Turkey's election officials have overturned the election of a pro-Kurdish mayoral candidate in the eastern city of Van, his party said on Tuesday, triggering protests and clashes with police as opposition politicians criticised the move.
Police used tear gas and water cannon to break up a demonstration in Van, where the DEM party said its candidate in Sunday's municipal elections was ruled ineligible at the last minute. Demonstrations were also held in economic hub Istanbul.
The ruling was "unacceptable", Istanbul's re-elected mayor Ekrem Imamoglu, seen as a likely presidential candidate in the next election, posted on X (formerly Twitter).
He called on the government and electoral commission to "respect the people's will".
During nationwide municipal elections Sunday, DEM's Abdullah Zeydan had garnered over 55 percent of the vote in Van, which lies on Lake Van around 80 kilometres (50 miles) from Turkey's eastern border with Iran.
His exclusion left the way clear for the candidate from President Recep Tayyip Erdogan's ruling Justice and Development Party (AKP) to take the mayorship with just 27 percent of the vote, DEM added in a statement.
DEM said that just two days before the vote, the justice ministry had reversed a court decision that restored Zeydan's right to stand for election.
Zeydan had been elected to parliament on the HDP (now DEM) ticket in 2015, but arrested in 2016 with a dozen other deputies after criticising the Turkish army's aerial bombardments of outlawed Kurdish militants in the southeast.
Speaking to reporters during a rally outside the Supreme Election Board in the capital Ankara DEM co-chair Tuncer Bakirhan told reporters that Van had suffered a "political coup".
Residents of the region reject mayors imposed on them by the exclusion of candidates who won the vote, he said.
"This is not the way to respect the will of the people" as Erdogan had promised to do on election night, Selahattin Demirtas, a former DEM leader, said in a statement from prison where he has been held since 2016 on terrorism charges.
"We call on all our people, especially the people of Van, and all pro-democracy forces and political parties to stand against this unlawfulness," he added in the text communicated via his lawyers.
Zeydan can appeal the decision that sparked protests in Van province, home to around 1.1 million people.
Television footage showed hundreds of protesters gathered outside DEM's Van headquarters in a show of solidarity.
"Abdullah Zeydan is our honour," they chanted. "Government-appointed trustees cannot deter us."

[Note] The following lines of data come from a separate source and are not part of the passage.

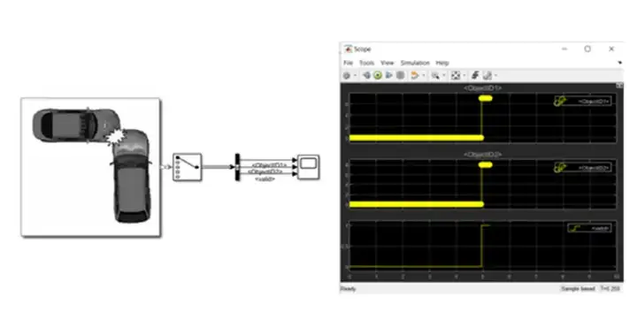 本研究采用 Prescan 軟件中的碰撞檢測功能(Collision detection)來判定事故是否發生。如圖 8 所示,在正常行駛(無碰撞)狀態下,該功能輸出值為 0;當本車與其他物體發生接觸(碰撞)時,輸出值變為 1。Prescan 會為每個物體(Object)分配唯一的 ID 編號(ID number),通過碰撞檢測功能識別到的 ID 編號,能夠確定與本車發生接觸的具體物體。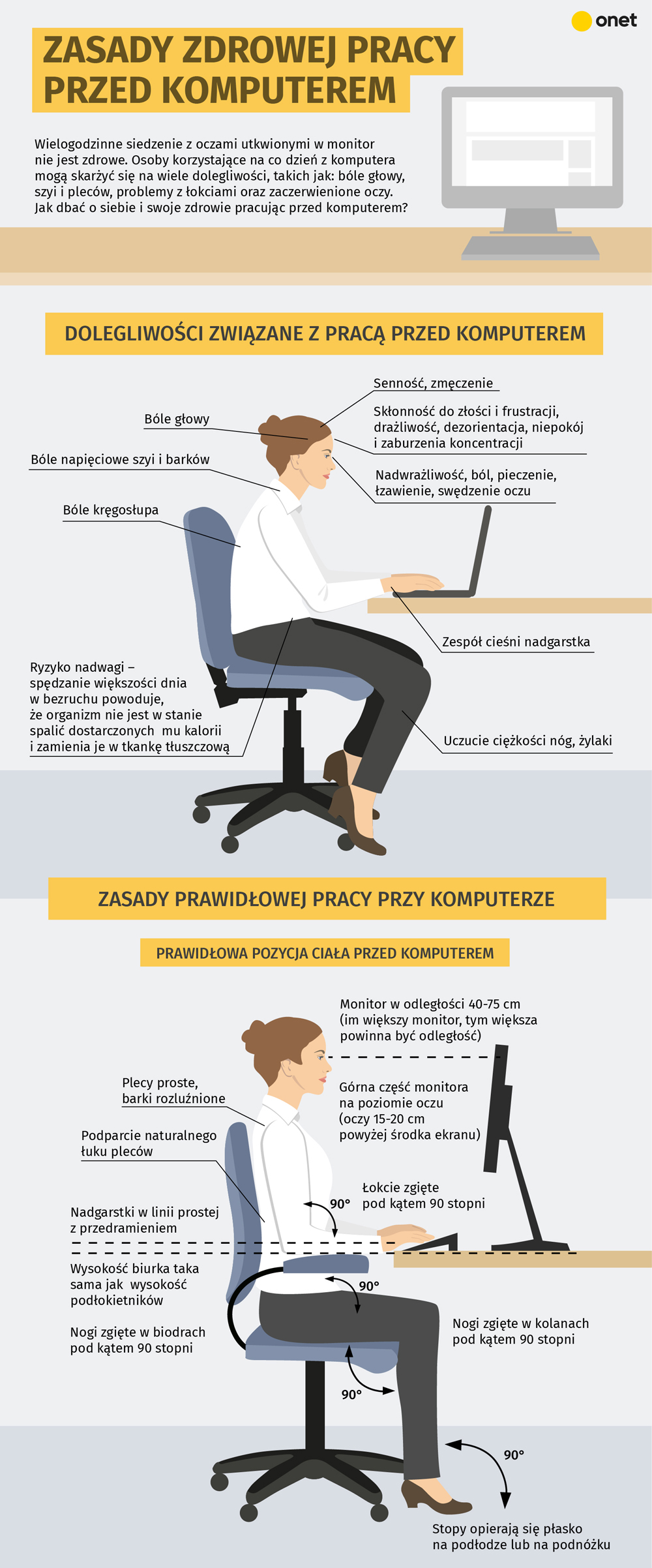 Infografika biurowa “Zasady zdrowej pracy przed komputerem” – wykonana dla Onetu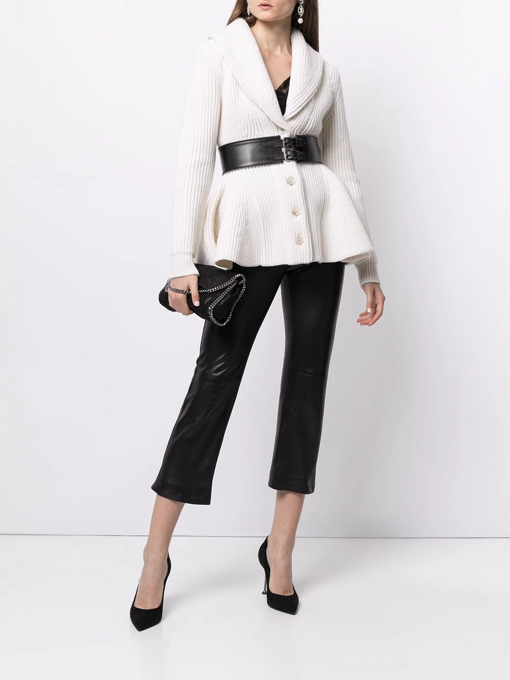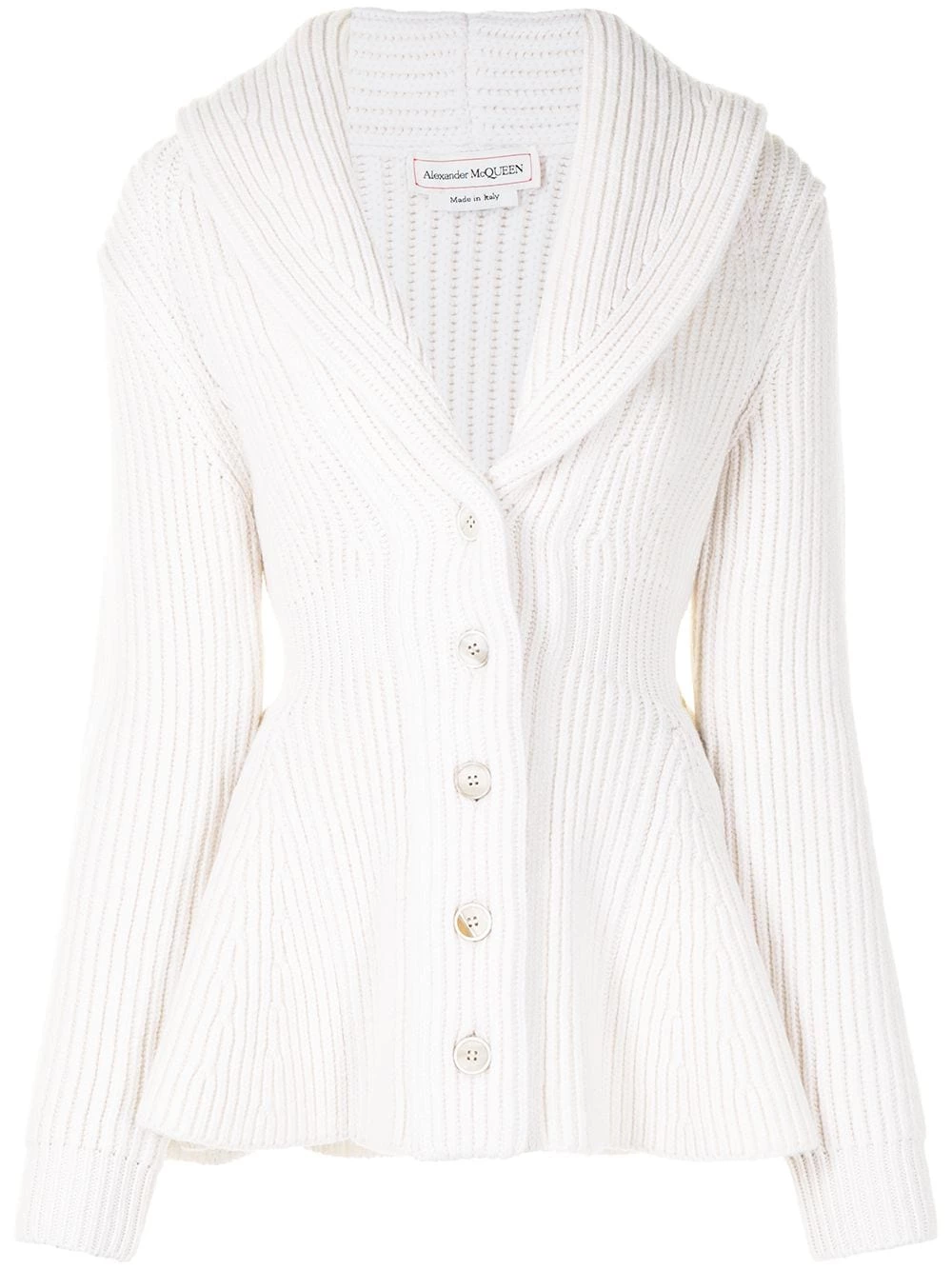 Knitwear but make it Alexander McQueen. Featuring a peplum waist, and flared sleeves this Exploded rib-knit cardigan will add a Victorian edge to your outfit. Historic.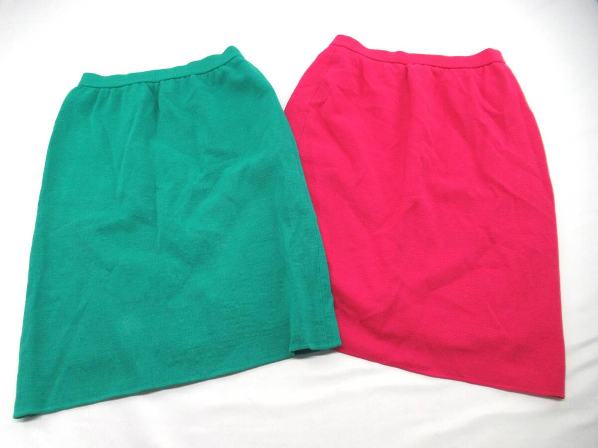 ★【S送900円】2644 YVES SAINT LAURENT イヴサンローラン イージーニットスカート 2枚組 裏地あり PNK/GRN 9号

Police fired tear gas and water cannon to break up the protest.
Some 150 people also rallied on the Asian side of Istanbul to protest the regional electoral commission's decision, unfurling banners reading: "No to government trustees" and "Don't touch the will of Kurdish people", according to an AFP photographer on the scene.
AKP spokesman Omer Celik said the issue was at the discretion of the regional election commission, not the government in Ankara.
"If (the party) wants to appeal the decision, the mechanisms for that are clear," he told reporters after the party's central executive committee meeting.
Celik also criticised the scuffles in Van between the police and protesters, who he claimed hurled stones at the officers.
"Democratic protest is everyone's right. There is no place for turning it into a violent incident or attacking the police," he said.
Ozgur Ozel, leader of the opposition CHP Party whose candidates won Istanbul and Ankara as well as inner Anatolian cities in Sunday's vote, backed DEM, calling the overturning of Zeydan's victory a "disgrace".
DEM - accused by authorities of links to outlawed Kurdish militants - during Sunday's municipal vote captured control of mayorships of large towns in Turkey's Kurdish-majority southeast, including the region's largest city Diyarbakir.
Following the 2019 elections, 52 mayors elected in the southeast on the HDP (now DEM) ticket were stripped of office and replaced by state-appointed administrators for alleged ties to Kurdish militants.
That followed a 2016 coup attempt against Erdogan's government, which prompted a massive crackdown on opponents of all stripes.